**Problem details**
Please print exactly the lines from the one containing "Well Made from" through the last line of the records, and only those. Leave out any pictures.

(Stored records)

——————

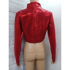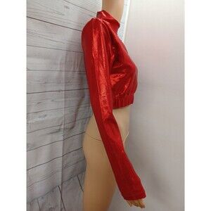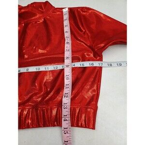 GTM Sportswear Mock Neck Long Sleeve Crop Top Red Shinny Youth L NWT
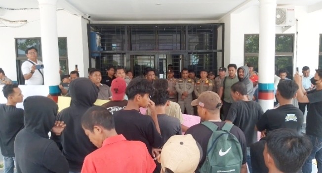 Aksi ini berlangsung dengan pengawalan ketat dari petugas Satuan Polisi Pamong Praja (Satpol PP) dan personel dari Polres Labuhanbatu Selatan. Massa aksi tampak membawa poster dan spanduk yang berisi berbagai tuntutan terkait dugaan tindak pidana korupsi dalam pengadaan buku pelajaran sekolah dasar pada tahun anggaran 2024.
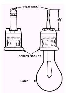 Figure 1-3.\Series lamp, socket, and film disk. prevents lamp failure from interrupting the circuit. The multiple (parallel) circuit consists of a number of streetlights supplied by a distribution transformer delivering a constant low voltage to a circuit or secondary main which also supplies other loads. However, running secondary conductors any great distance to supply a parallelconnected lamp or a group of lamps is impractical because of the excessive voltage drop. The cost of the multiple luminaire is low compared to the series type because the low voltage allows for the elimination of other luminaire accessories. This saving is largely offset, however, by the increased requirement for control devices and the copper wire cost. Lamp life and efficiency are comparatively low and the illumination is not as uniform as in the series circuit. In choosing a system, here are a few suggestions which may aid in your selection. If the total wattage of the circuit exceeds 2 kilowatts or more than 15 lights, consider a series lighting system. When extending an existing system, use the existing circuit. If low-voltage capacity exists at the proposed location, use a multiple system even though the load exceeds 2 kilowatts. When several small lights are to be spaced rather far apart and no low-voltage secondary exists along the route, use the series system regardless of the load size or the number of lights. When estimates show that one type of system will save money and time, use the more economical system. |
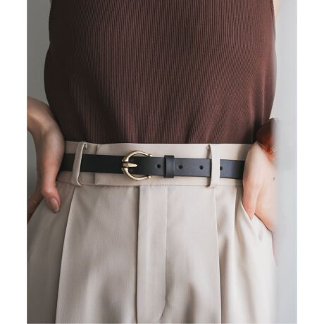 丸みを描くバックルの形と約2cm幅のベルト部分とのバランス感が、主張しすぎず女性らしく巻くことのできる一品。
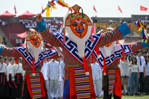 2025年4月24日上午,我校第四十四屆田徑運(yùn)動(dòng)會(huì)在鄠邑校區(qū)東體育場盛大開幕。開幕式上,由體育學(xué)院編排的大型音樂團(tuán)舞蹈《龍吟華夏》之藏戲表演《扎西雪巴》,以獨(dú)特的創(chuàng)意編排,將藏戲舞蹈融入其中,使藏戲從雪域高原走進(jìn)大學(xué)校園,用藝術(shù)語言為師生打造了一隅綺麗的視聽享受空間,呈現(xiàn)出多彩多姿的中華文化畫卷,有形有感有效鑄牢中華民族共同體意識(shí)。
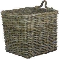 Well Made from Kubu grey rattan with rope handles. Attractive looking . High Quality, Well made Rattan. Natural product so dimensions can vary slightly. Manufactured from sustainable materials. Colours and finish could vary. Size Depth 40 x Height 43 x Width 43cm Weight 2.5kg Material Rattan | Red Hamper Rattan Square Grey Rattan Log Basket in Brown
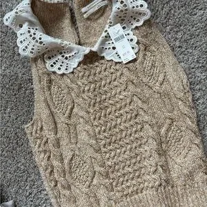 Anthropologie Beige Knit Sleeveless Top with Ruffle Collar
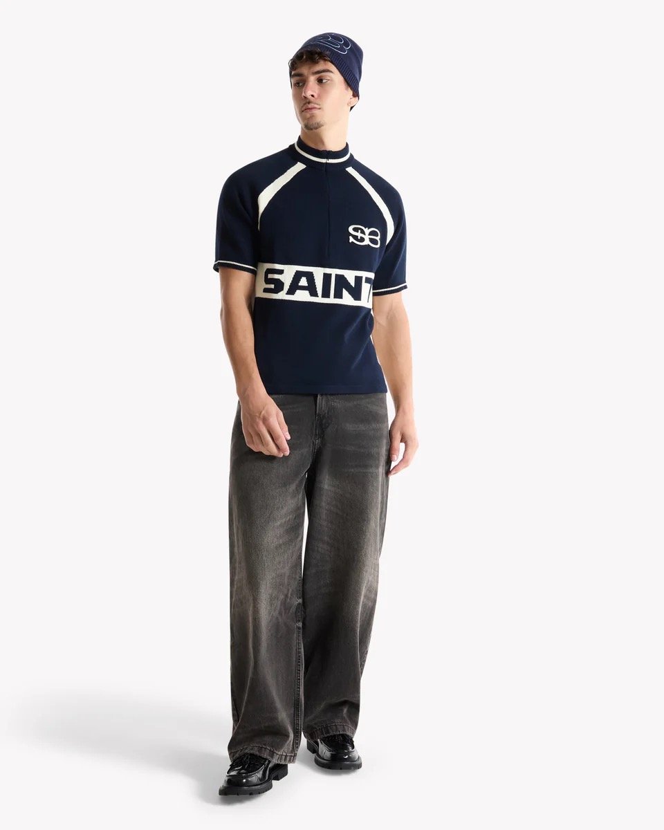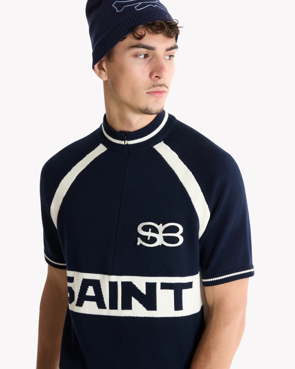 Saint Blanc Cycling Knit Polo – Black Iris & Off-White
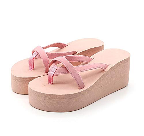 JFFFFWI Scarpe da Donna Infradito Sandali con Zeppa Pantofola da Spiaggia Antiscivolo Tacchi Alti con Suola Spessa, Rosa, 36
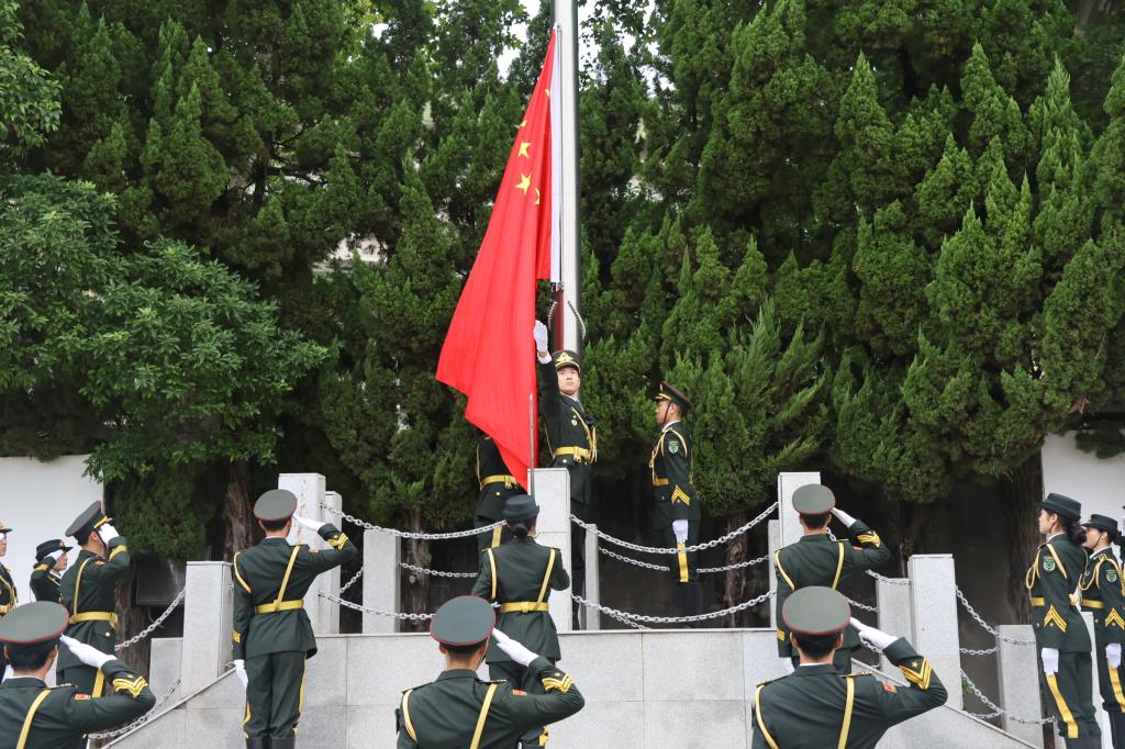 升旗現(xiàn)場(chǎng)莊嚴(yán)肅穆。蔡博軒攝
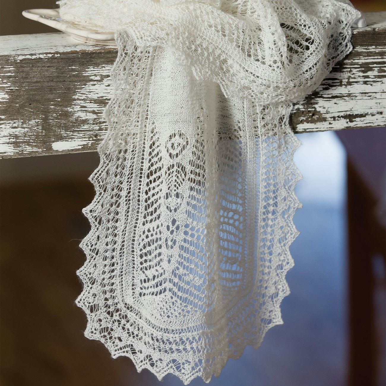 Margaret Stove’s elegant Shetland lace scarf was inspired by an original Shetland shawl knitted by Granny Cheyne after she immigrated to New Zealand.
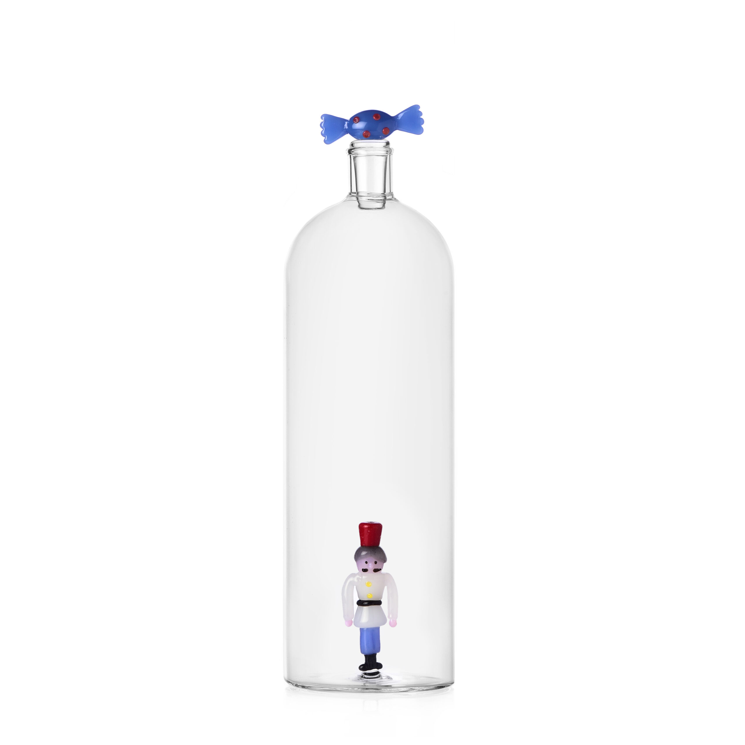 Bottiglia in vetro con tappo removibile a forma di caramella. Altezza 29 cm, diametro 8,5 cm. Ichendorf Milano.

——————

**Exercise result**
 Well Made from Kubu grey rattan with rope handles. Attractive looking . High Quality, Well made Rattan. Natural product so dimensions can vary slightly. Manufactured from sustainable materials. Colours and finish could vary. Size Depth 40 x Height 43 x Width 43cm Weight 2.5kg Material Rattan | Red Hamper Rattan Square Grey Rattan Log Basket in Brown
 Anthropologie Beige Knit Sleeveless Top with Ruffle Collar
 Saint Blanc Cycling Knit Polo – Black Iris & Off-White
 JFFFFWI Scarpe da Donna Infradito Sandali con Zeppa Pantofola da Spiaggia Antiscivolo Tacchi Alti con Suola Spessa, Rosa, 36
 升旗現(xiàn)場(chǎng)莊嚴(yán)肅穆。蔡博軒攝
 Margaret Stove’s elegant Shetland lace scarf was inspired by an original Shetland shawl knitted by Granny Cheyne after she immigrated to New Zealand.
 Bottiglia in vetro con tappo removibile a forma di caramella. Altezza 29 cm, diametro 8,5 cm. Ichendorf Milano.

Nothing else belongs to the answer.